** ASSIGNMENT **
Give back exactly the lines from the one that holds "Portes intérieures en" through the final line of the data; omit the pictures and add nothing.

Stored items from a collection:
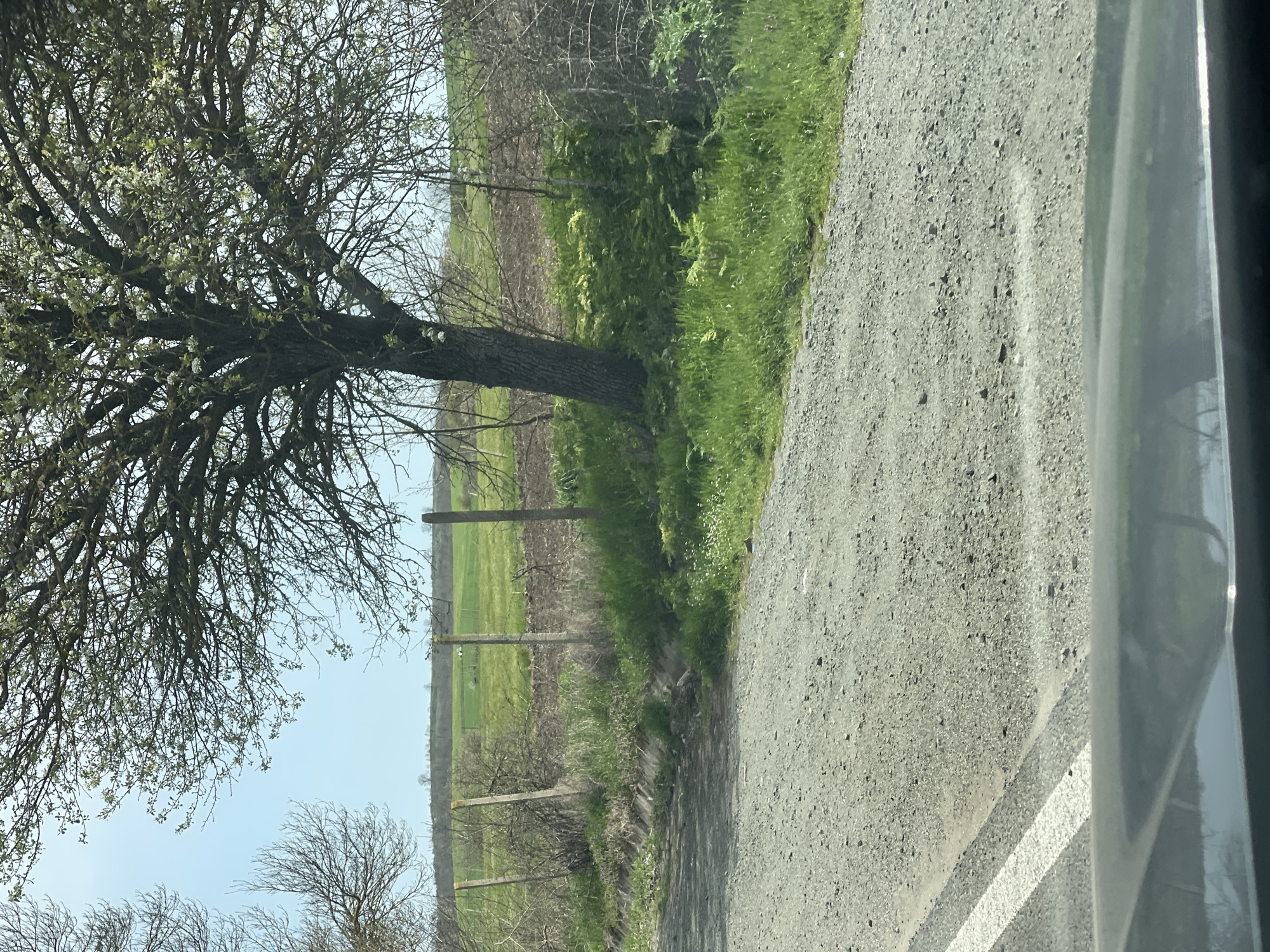 A rural roadside scene, likely photographed from inside a vehicle
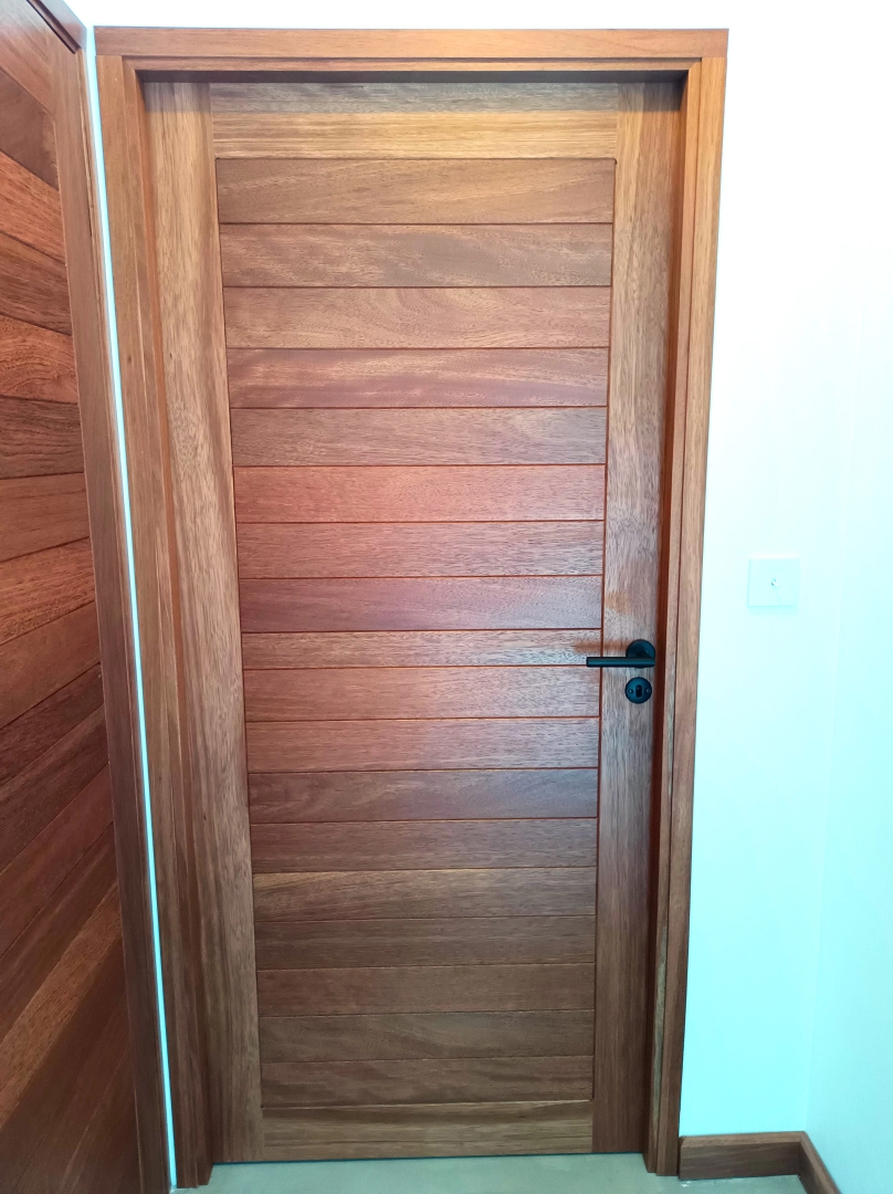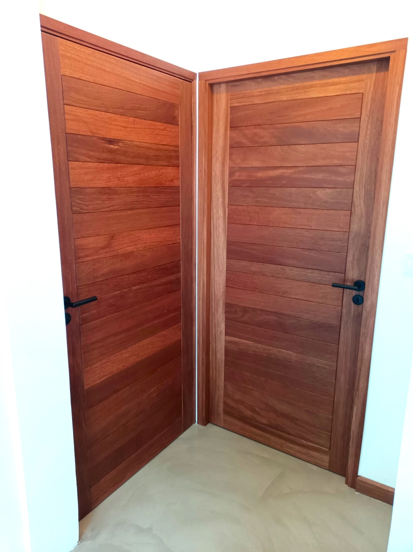 Portes intérieures en Limbali, finition vernis mat
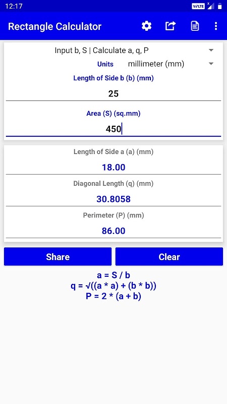 Rectangle Calculator helps you to quickly and easily calculate different parameters of the geometric shape rectangle. Automatic & accurate calculations.
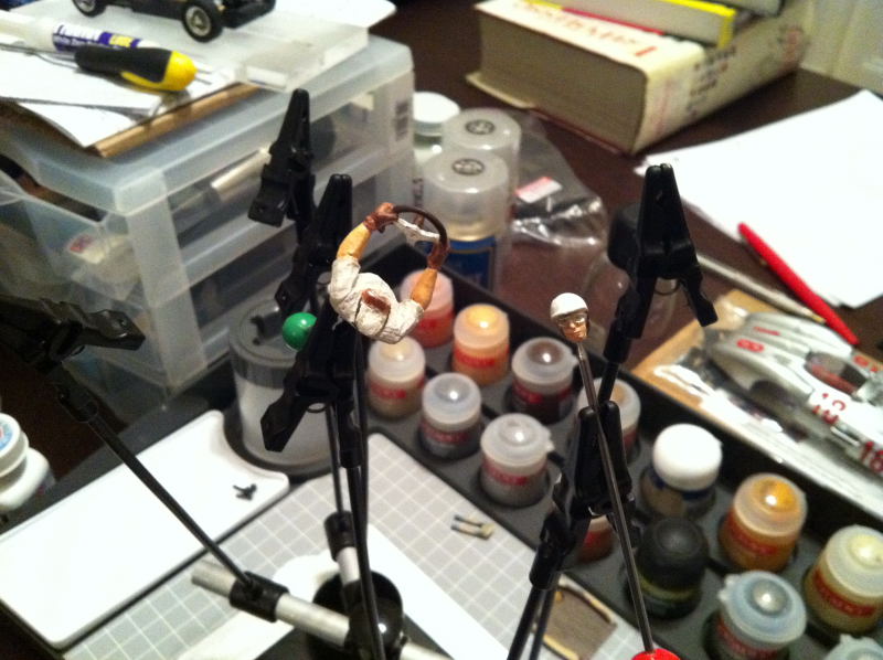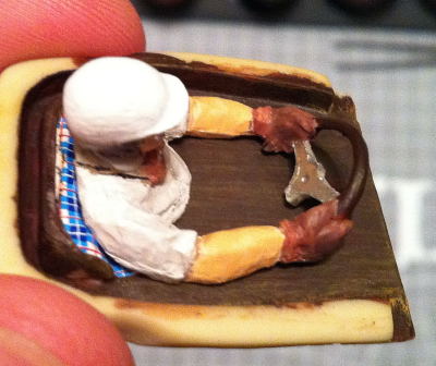 Les connaisseurs remarqueront que j’ai un peu modifié le pilote d’origine, parce que je voulais qu’il ait 2 paires de lunettes, comme Fangio en course ! Donc, récupération d’un corps, déboitage de tête, pliage de bras (au sèche-cheveux) pour que le volant soit à sa place, peinture et réassemblage… Voilà le résultat (en gros plan, c’est terrible, mais en vrai ça passe). Le casque n’était pas fini de peindre, et il manque encore le lavis… Au final le pilote est moins pâle !
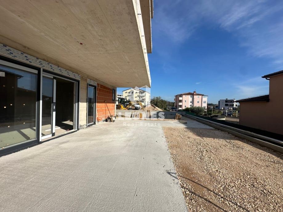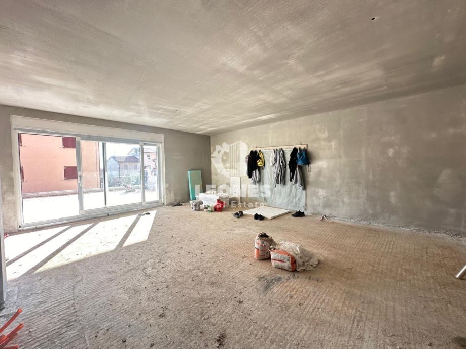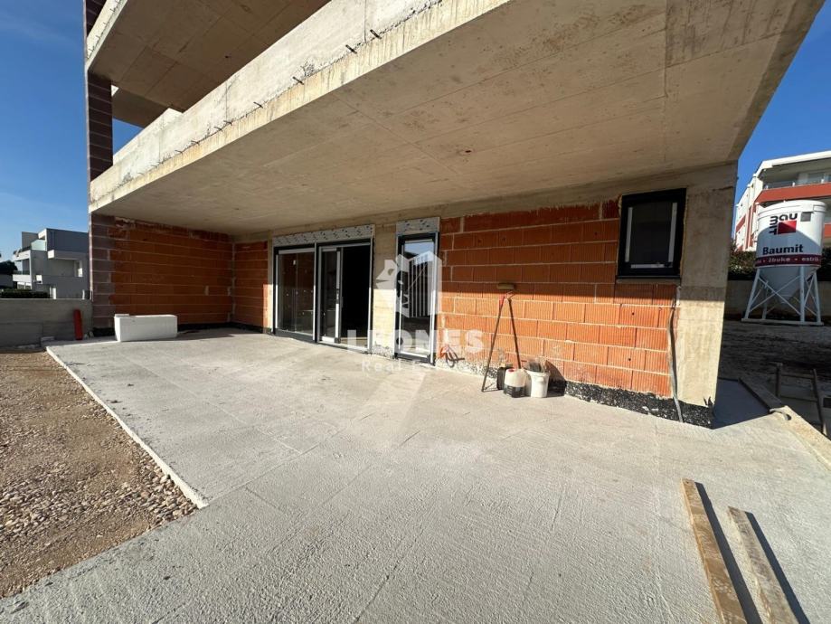 Stan se nalazi u prizemlju kvalitetne zgrade te se sastoji od ulaznog hodnika, dvije spavaće sobe od kojih jedna ima svoju kupaonicu, još jedne kupaonice te open space dnevnog boravka s kuhinjom i blagovaonicom.
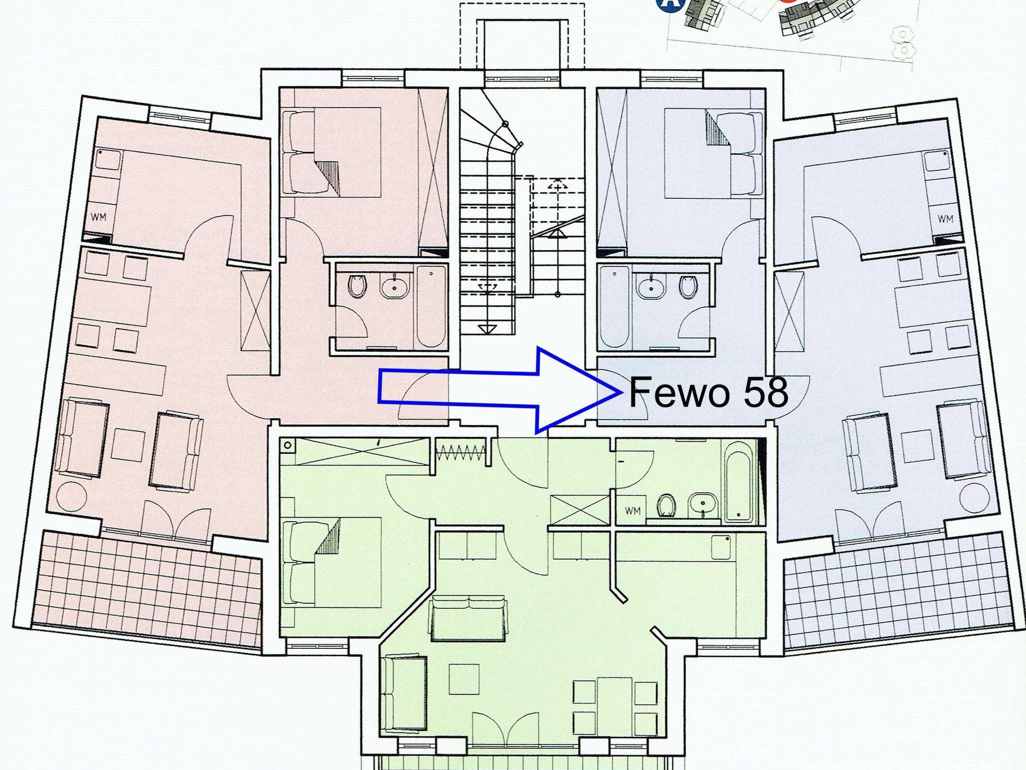 Die Ferienwohnung Nr. 58 ist wie folgt ausgestattet:
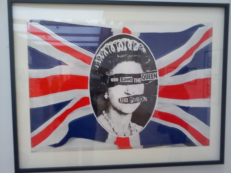 Strange set-up there, with the Queen of England bit, because it was mostly classic photos by Annie Leibovitz, Norman Parkinson etc, but then a couple of anti-royalist things such as the above and stuff about a demo in Aberystwyth against Queenie when she visited a while back.
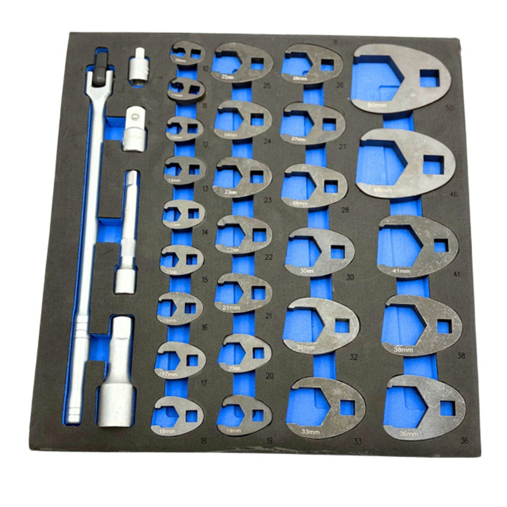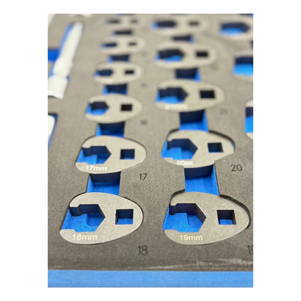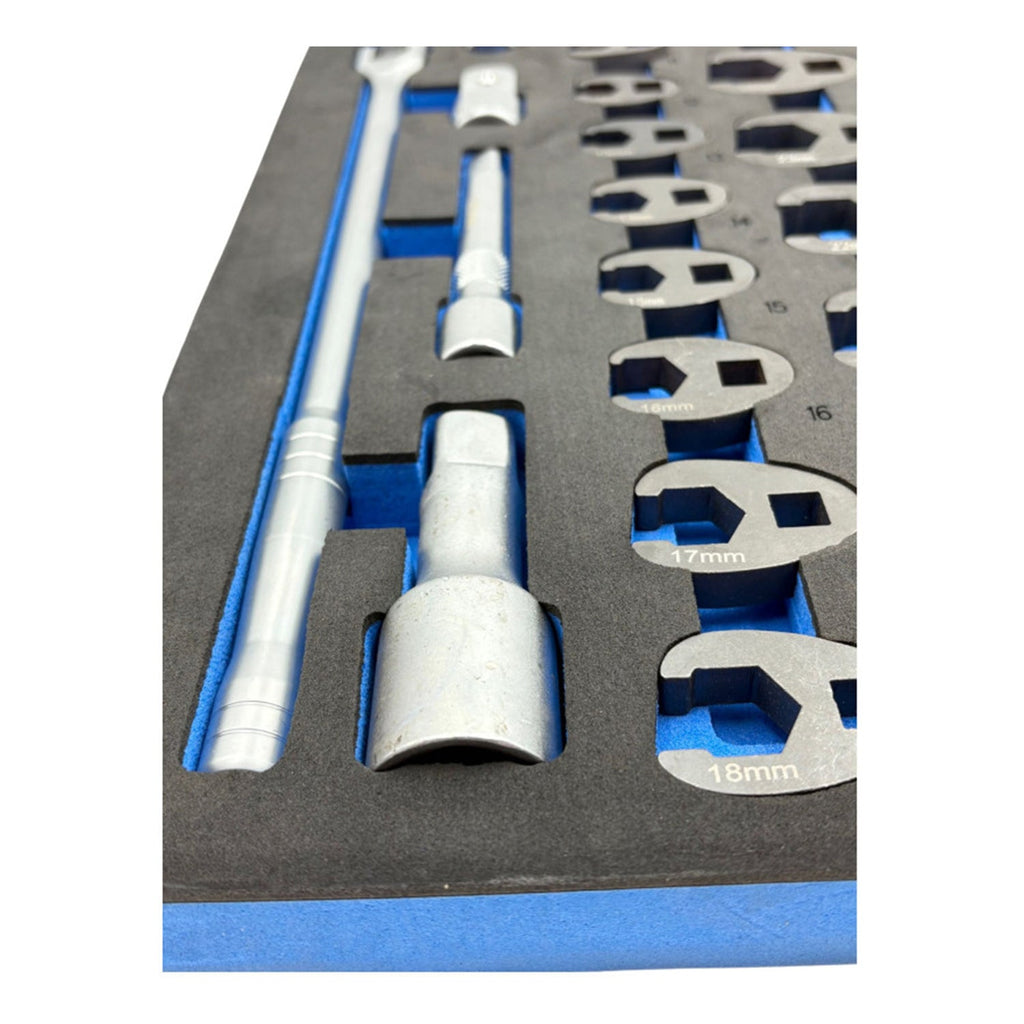 TENTO MODUL SADA POLOOTVORENÝCH KĽÚČOV NA BRZDOVÉ A PALIVOVÉ POTRUBIA S PÁKOU 32 KUSOV je určený na prácu s brzdovými a palivovými potrubiami, užitočný najmä v priestoroch s obmedzeným prístupom. Sada obsahuje 32 polootvorených kľúčov s hlavou v tvare havranej nohy, usporiadaných v penovom module, kompatibilných s pohonom 3/8”, 1/2” a 3/4”.

** FINISHED EXERCISE **
 Portes intérieures en Limbali, finition vernis mat
 Rectangle Calculator helps you to quickly and easily calculate different parameters of the geometric shape rectangle. Automatic & accurate calculations.
 Les connaisseurs remarqueront que j’ai un peu modifié le pilote d’origine, parce que je voulais qu’il ait 2 paires de lunettes, comme Fangio en course ! Donc, récupération d’un corps, déboitage de tête, pliage de bras (au sèche-cheveux) pour que le volant soit à sa place, peinture et réassemblage… Voilà le résultat (en gros plan, c’est terrible, mais en vrai ça passe). Le casque n’était pas fini de peindre, et il manque encore le lavis… Au final le pilote est moins pâle !
 Stan se nalazi u prizemlju kvalitetne zgrade te se sastoji od ulaznog hodnika, dvije spavaće sobe od kojih jedna ima svoju kupaonicu, još jedne kupaonice te open space dnevnog boravka s kuhinjom i blagovaonicom.
 Die Ferienwohnung Nr. 58 ist wie folgt ausgestattet:
 Strange set-up there, with the Queen of England bit, because it was mostly classic photos by Annie Leibovitz, Norman Parkinson etc, but then a couple of anti-royalist things such as the above and stuff about a demo in Aberystwyth against Queenie when she visited a while back.
 TENTO MODUL SADA POLOOTVORENÝCH KĽÚČOV NA BRZDOVÉ A PALIVOVÉ POTRUBIA S PÁKOU 32 KUSOV je určený na prácu s brzdovými a palivovými potrubiami, užitočný najmä v priestoroch s obmedzeným prístupom. Sada obsahuje 32 polootvorených kľúčov s hlavou v tvare havranej nohy, usporiadaných v penovom module, kompatibilných s pohonom 3/8”, 1/2” a 3/4”.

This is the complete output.